I have a binary string for input, for example 0110011, the input is being read left to right one at a time; in the ASCII chart decimal 48 is ASCII 0, and 49 is ASCII 1; how would putting each character of the input through this snippet of code as it is being read affect the input: (i=ch -'0') in words i equals char minus zero getchar is getting the input.
yes, you can get the value of the digit by peeling it off the ascii table as you said.
or you can just do something like
forceinline char/bool getbindigit(char c)
{
if (c == '1')
return 1; ///or true
return 0; // or false
}
or :? statement to do the same, some say its faster.
note that its not a string after you do this. ascii 0 is end of string, and I don't even know what it does if you print a string with one in the middle of it, with a char array it just stops right there. 1 isn't anything friendly to print either, its some control character. At this point all its good for is turning the binary back into an integer value.
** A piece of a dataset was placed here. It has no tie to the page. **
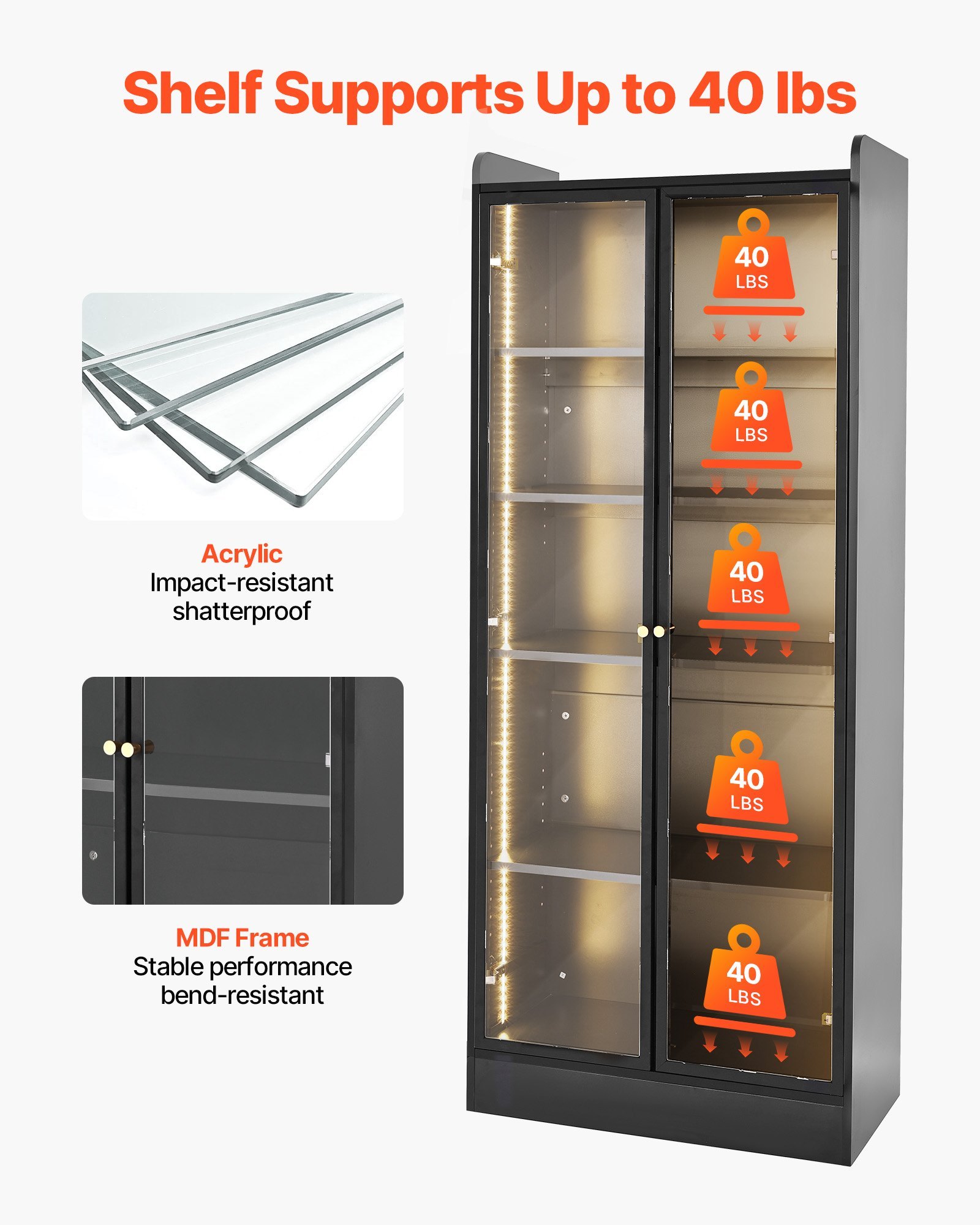 Sturdy and Durable: Made of thick density fiberboard and acrylic doors, this display cabinet with anti-tip bracket prevents shaking, warping, and collapse. Each shelf supports up to 40 libras. Finished with PVC edge banding and melamine veneer, it’s moisture-resistant and won’t peel—ideal for long-term collectibles display

when I was doing embedded C we had a guy with a giant include file of # defines
Ob01100
etc (letter O not zero) that he used and added to when he had a new value. It was horrible, but it worked back then.
thank you for responding!! so if the input is a string of 0's 1's the compiler reads 48 decimal for each 0 and 49 for 1 therefore I have to tell it that I want
it to interpret my 0 and 1 as 0 and 1 and not something else.
> in the ASCII chart decimal 48 is ASCII 0, and 49 is ASCII 1
The encoding of the characters in the execution character set is locale specific; it need not (and sometimes does not) correspond to the encoding as specified by ASCII.
However, C++ does guarantee that, no matter what character encoding is in use:
In both the source and execution basic character sets, the value of each character after 0 in the list of decimal digits shall be one greater than the value of the previous. - IS
ie. if the value of '0' is 147, then the value of '1' would be 148, the value of '2' would be 149 and so on.
Therefore, if the character ch is a character representing a decimal digit (std::isdigit(ch) is true),
then ch - '0' would give that digit as an integer. '7' - '0' == 7 etc.